Descripción
Poco a poco, en los últimos años, “crisis” es una de las palabras que más circula en los distintos foros: económico, político, social, educativo… Para nosotros es una realidad con la que convivimos, recién salidos de una época de optimismo (especialmente económico) y progreso. Dicha experiencia puede llevarnos a dos convicciones: la primera, que la crisis de un modelo de convivencia como el europeo arrastra una problemática aún mayor, es lo que se refiere cuando se afirma que detrás de esta crisis económica, política, financiera… tenemos una crisis de valores, o incluso como diría Manuel Bustos (La paradoja postmoderna, Encuentro, Madrid, 2009, 7), un tiempo de cambios trascendentales que han afectado a todos los sectores de la existencia. La segunda, que todo el modelo en el que hemos confiado para construir y definir una vida “lograda” (individual y comunitaria) es erróneo o, al menos, no está ajustado con la realidad antropológica. Y si levantamos la mirada de nuestro hoy y hacemos recuento de nuestro pasado más inmediato, nos encontramos hace apenas un siglo con un importante movimiento intelectual que se encontraba, paradójicamente, en la misma situación. Nos lo reflejan las obras de Husserl (La crisis de las ciencias europeas), Zubiri (La crisis de la conciencia moderna, Nuestra situación intelectual), entre otros.

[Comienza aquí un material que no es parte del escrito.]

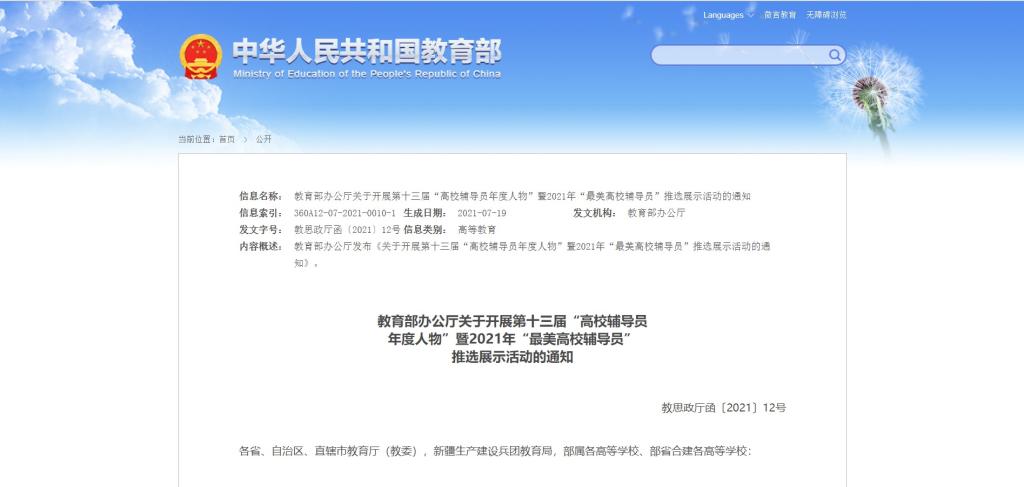 第十三届“全国高校辅导员年度人物”评选由教育部思想政治工作司指导,中国高教学会辅导员工作研究会主办,于2021年7月启动,旨在着力打造高素质思想政治工作队伍,充分发挥先进榜样的引领带动作用,引导广大辅导员不忘初心、牢记使命。经组织推荐、材料审核、现场答辩等环节,本次最终评选出2021年“最美高校辅导员”10人、第十三届“全国高校辅导员年度人物”20名、第十三届“全国高校辅导员年度人物”年度人物提名奖30名。

Más allá de esta consideración epocal de la crisis, este libro que nos ofrece Manuel Lázaro (filósofo, teólogo y sobre todo colega y amigo) viene a desentrañar un nivel más profundo de la crisis, especialmente para realizar sobre ella una mirada de mayor alcance. Sin negar la evidencia: nuestra realidad en crisis y especialmente una crisis que adviene desde categorías modernas advertidas por los filósofos –así denominados– de la postmodernidad, Manuel Lázaro se aventura a identificar “la realidad de la crisis” para advertir cuál es la posición teológica con la que cabe afrontarla. De este modo, su propuesta no sólo realiza una mirada trascendente sobre ella: si bien es verdad que cuando –como pasó también en Roma– el mundo que había proporcionado seguridad y orgullo se quiebra, uno advierte más allá de esas verdades fugaces y tempóreas, las verdades que merecen la pena y que sacian los anhelos más profundos del corazón humano. También problematiza la crisis como una realidad específica y propia de la persona, que se encuentra permanentemente entre dos mundos (entre dos ciudades, diría San Agustín) y que debe resolver la gran pregunta existencial de definir su lugar y proyectar desde él quién va a ser.

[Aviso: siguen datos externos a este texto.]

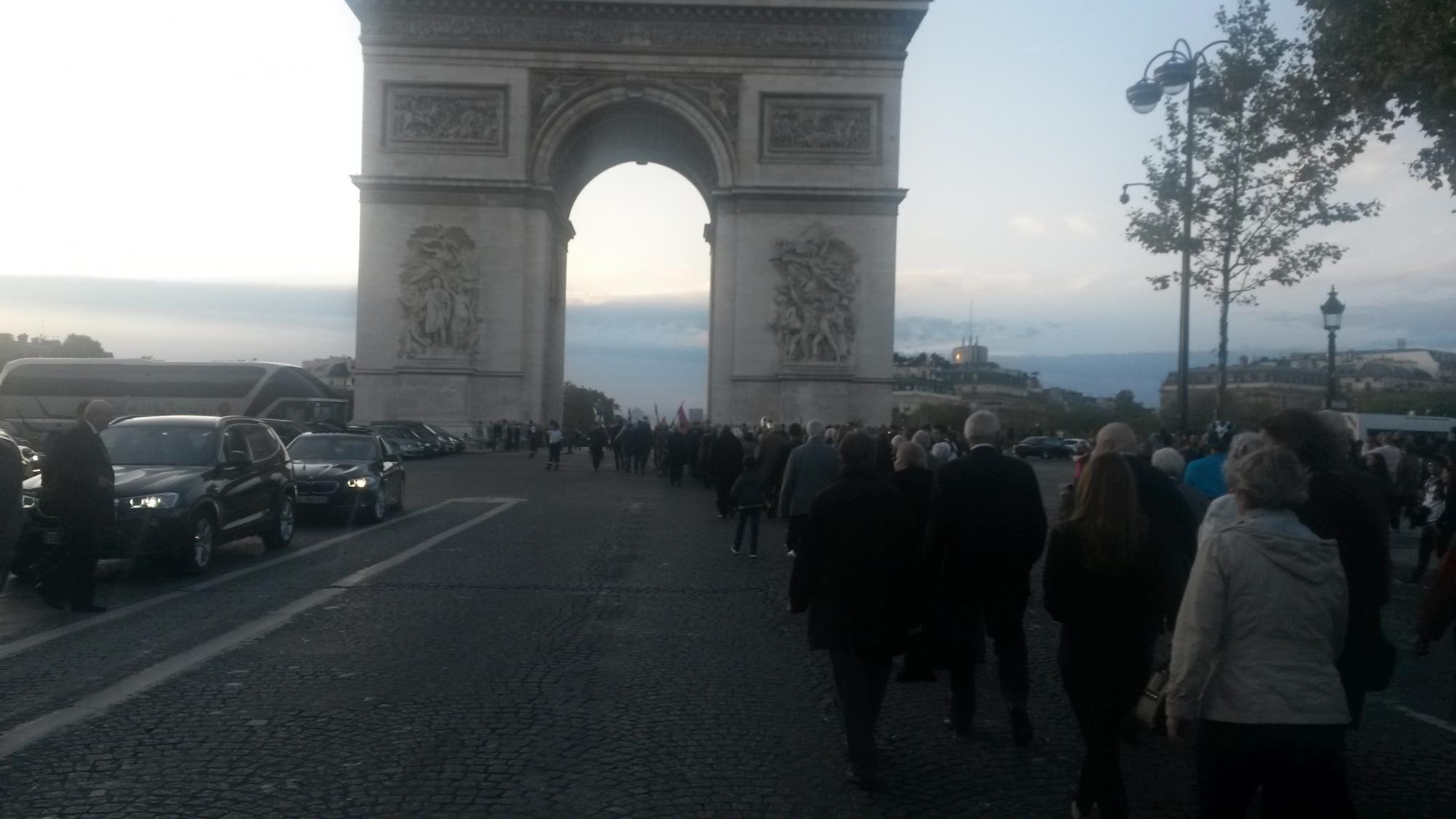 Az ünnepség kezdetén zászlókkal és koszorúkkal vonultunk a Champs-Élysées felső szakaszán a Diadalívig, ahol egy katonazenekar előadásában felcsendült a francia, majd a magyar himnusz. A felsorakozó francia huszárok tiszteletadása után Sujánszky Jenő, az emlékbizottság elnöke, Károlyi György nagykövet úr, valamint a francia Charles de Gaulle Emlékbizottság képviselői meggyújtották az öröklángot a hősi halált halt mártírok tiszteletére, és az ismeretlen katona sírjánál elhelyezték az emlékezés koszorúit. A hagyományoknak megfelelően az emlékbizottság tagjai az egybegyűltekkel is kezet fogtak. A több száz fős tömegben jobbára az idősebb korosztály képviseltette magát, köztük sokan olyanok, akik maguk is átélték a forradalmat, majd menekültek Franciaországba a forradalom után.

Siguiendo la estela de grandes maestros, como San Francisco de Asís, la crisis más allá de una realidad coyuntural revela su constante acompañamiento al existir humano como tal, y proyecta el sentido trascendente, cristiano, de la cruz. Sólo desde la comprensión ofrecida por la iluminación de la existencia humana (ejemplificada en las sucesivas pruebas de fe de Abraham), la cual examina su proyecto vital desde la cruz y el Viernes Santo, puede advertirse la realidad de su fragilidad y desde ella la grandeza de “la redención universal operada por la humanidad de Dios que rescata desde su sufrimiento en la Cruz, el sufrimiento de la humanidad caída por el pecado original y marcada por el signo de la debilidad física (enfermedad), humana (pobreza) y social (opresión)” (dirá Lázaro).

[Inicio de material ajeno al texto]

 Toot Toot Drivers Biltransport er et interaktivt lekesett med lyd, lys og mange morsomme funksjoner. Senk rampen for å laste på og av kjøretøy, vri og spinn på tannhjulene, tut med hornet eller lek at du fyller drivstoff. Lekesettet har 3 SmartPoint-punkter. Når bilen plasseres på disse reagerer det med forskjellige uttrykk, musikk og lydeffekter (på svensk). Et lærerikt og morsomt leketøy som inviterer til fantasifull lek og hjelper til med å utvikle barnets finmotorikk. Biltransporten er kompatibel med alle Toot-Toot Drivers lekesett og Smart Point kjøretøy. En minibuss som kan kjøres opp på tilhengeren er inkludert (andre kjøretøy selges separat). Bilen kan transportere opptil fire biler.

Una invitación, la suya, valiente y confiada al mismo tiempo, para hacer de la crisis no sólo una situación coyuntural o circunstancial que nos afecte y que aprovechemos para cambiar modelos de comportamiento tal vez periclitados, sino especialmente una vía de descubrimiento personal que nos haga más evidente nuestra propia realidad caída pero en camino, y encontremos el origen de la verdadera alegría que nos compete como realidades llamadas a una vida plena y trascendente e itinerantes.